Going back to your src/sasquatchbackpack/scripts file, you’ll want to add a dataclass for each different API call you want to make. Make sure to include all of the relevant parameters that you’ll need to make that call, as well as two paths to the schema file and a topic name.

@dataclass
class MyConfig:
    """I'm a docstring!"""
    # Parameters up here
    schema_file: str = "src/sasquatchbackpack/schemas/yourfoldernamehere/yourschemanamehere.avsc"
    cron_schema: str = (
        "/opt/venv/lib/python3.12/site-packages/"
        "sasquatchbackpack/schemas/yourfoldernamehere/yourschemanamehere.avsc"
    )
    topic_name: str = "yourfunctionnamehere",

The first path should be the local path to the schema and the second should be the path to the schema when running in a cron job. The topic name should be the name of your command.

Add source

Next, you’ll make a source class, inhereting from sasquatchbackpack.sasquatch.DataSource. This will require two methods: load_schema() and get_records().
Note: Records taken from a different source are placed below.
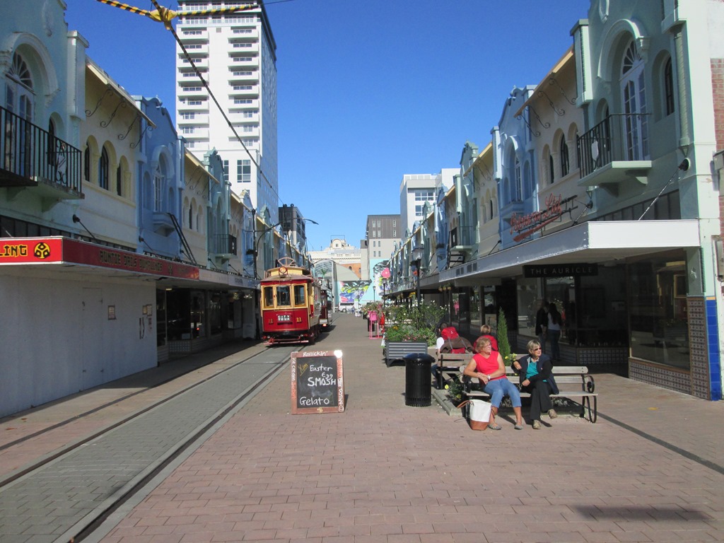 Nach einer Runde Pfannekuchen zum Frühstück machen wir uns auf, um Christchurch zu erkunden. Christchurch wurde ja vor 3 Jahren von zwei üblen Erdbeben heimgesucht, sodass in den letzten Jahren die Innenstadt sogar komplett gesperrt war. Eine der Dinge, auf die die Leute hier sehr stolz sind, dass sie wieder laufen, ist die Tram. Die nutzen wir dann auch mal um uns durch die Innenstadt kutschieren zu lassen, denn seit letztem Jahr ist diese nicht mehr gesperrt.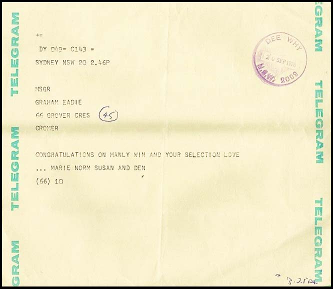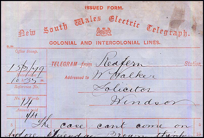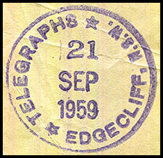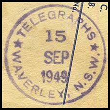 No special date stamp for use with telegraphic work at Redfern is recorded.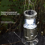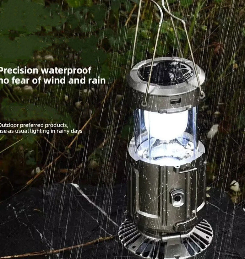 - 2-in-1 Solar Camping Fan with LED LightCompact and versatile, this fan doubles as a bright LED lantern. Hang it inside your tent or use it as a portable fan—perfect for cooling and lighting during camping trips.- Triple Power Supply OptionsStay powered anytime with solar charging, USB cable, or AA batteries (not included). The solar panel ensures you're never left in the dark—even off-grid.- Foldable & Travel-Friendly DesignDesigned for easy storage and portability, this fan folds down to fit in your backpack. Simply expand to switch it on or adjust the brightness to your needs.- Indoor & Outdoor Emergency ReadyWhether you're camping, fishing, or facing a power outage, this fan lantern provides essential light and airflow. Ideal for both everyday use and emergency preparedness.- Dependable Light and Cooling AnywhereCombining light and ventilation, this is the ultimate gear for tents, bug-out bags, or family kits—reliable when you need it most.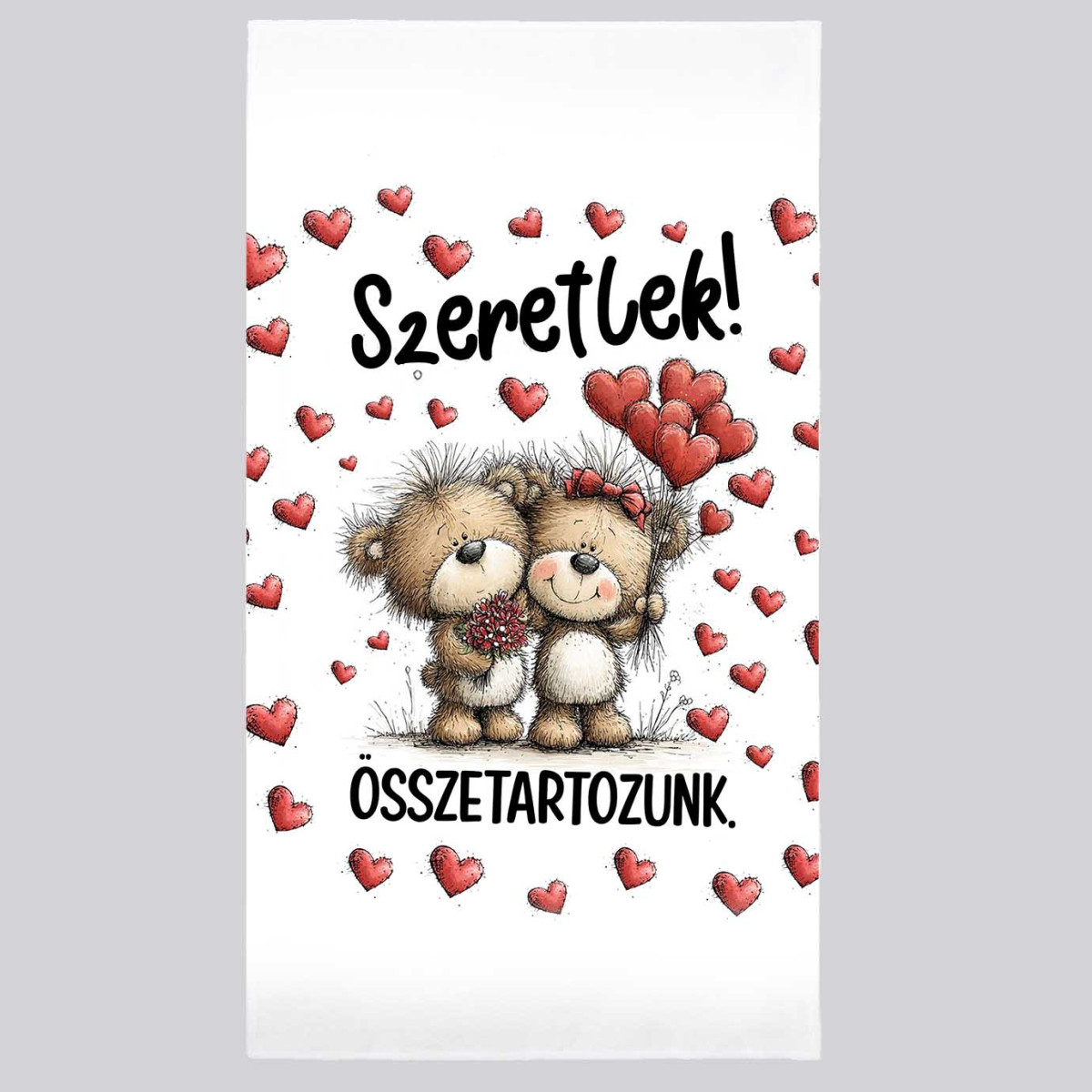 0 értékelés a következőhöz: Szerelmes mintás törölköző 50×100 cm - Szeretlek "Összetartozunk" feliratú macis törölköző – Valentin napi ajándék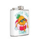 The flask itself is fine. It’s a cheap flask, obviously bought in bulk, however am prepared to overlook that. Given that it is a personalized item, I would have liked to have seen gift boxing instead of the generic packaging. Terrible printing, and/or quality. It’s a cheap, tacky vinyl. It is not cut straight and is also applied in a way that it is overhanging the bottom, causing the glue to catch on items and it will eventually roll and tear, damaging the wrap.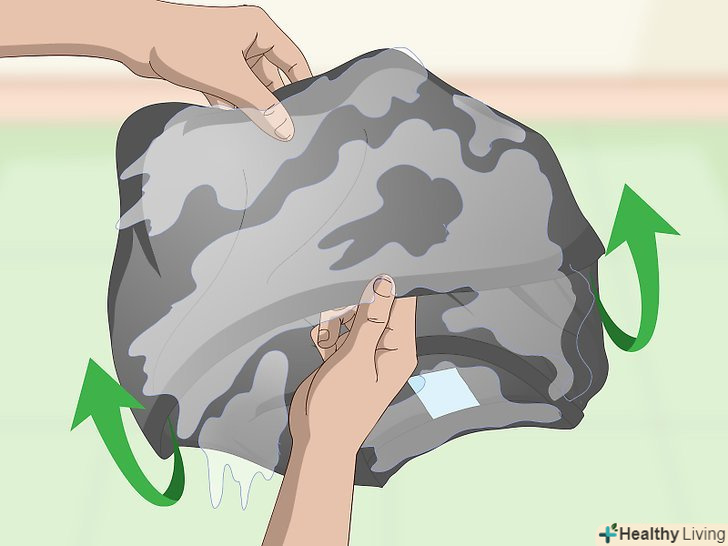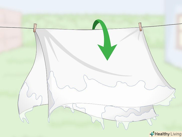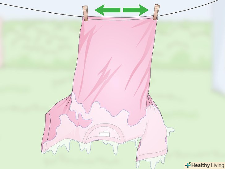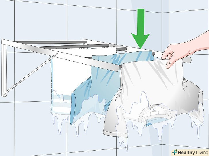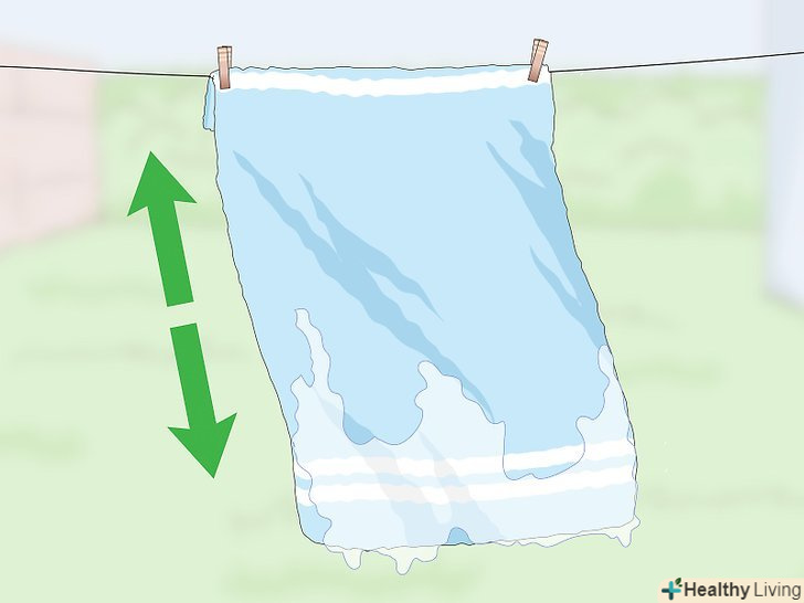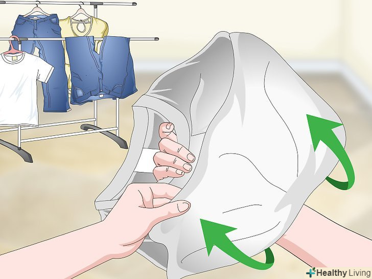 Переверніть одяг на іншу сторону. зачекайте 15-30 хвилин, а потім переверніть одяг. Якщо залишити одяг мокрою надовго, від неї почне виходити затхлий запах. Переверніть одяг, щоб запобігти цьому і прискорити процес сушіння.- В першу чергу перевертайте великі речі, такі як ковдри, а решта — за потребою. Тут все залежить від температури і циркуляції повітря в приміщенні. [15]

load_schema() can be copied 1 to 1 from the following:

def load_schema(self) -> str:
    """Load the relevant schema."""
    try:
        with Path(self.config.schema_file).open("r") as file:
            return file.read()
    except FileNotFoundError:
        with Path(self.config.cron_schema).open("r") as file:
            return file.read()

get_records() should make an API call, then return the encoded results in an array. This should be surrounded with the following try:

try:
    # API Call
    # return results
except ConnectionError as ce:
    raise ConnectionError(
        f"A connection error occurred while fetching records: {ce}"
    ) from ce

The class’s __init__ should read in the config you made in the pervious step. You’ll also want to call super().__init__(config.topic_name) inside. Otherwise, feel free to initialize your parameters as you will.

Update CLI

You’ll want to add a dry run option to your CLI command. To do so, add the following to your CLI command

@click.option(
    "--dry-run",
    is_flag=True,
    default=False,
    help="Perform a trial run with no data being sent to Kafka.",
)

Remember to also add dry_run: bool,  # noqa: FBT001 as a parameter. You can add the funciton of the dry run flag after the body of the extant function with the following:

if dry_run:
    click.echo("Dry run mode: No data will be sent to Kafka.")
    return

click.echo("Sending data...")

To actually send the data, simply import and instantiate the config and source objects you made in your src/sasquatchbackpack/scripts file. Then, import sasquatchbackpack.sasquatch and add the following:

backpack_dispatcher = sasquatch.BackpackDispatcher(
    source, sasquatch.DispatcherConfig()
)
result = backpack_dispatcher.post()

if "Error" in result:
    click.secho(result, fg="red")
else:
    click.secho("Data successfully sent!", fg="green")

Note that the source object is simply the source you just instantiated.

Test it!

Running the CLI command should now result in the data being posted to sasquatch! Specifically you can search kafdrop on data-int for the lsst.backpack topic, and your data should show up there.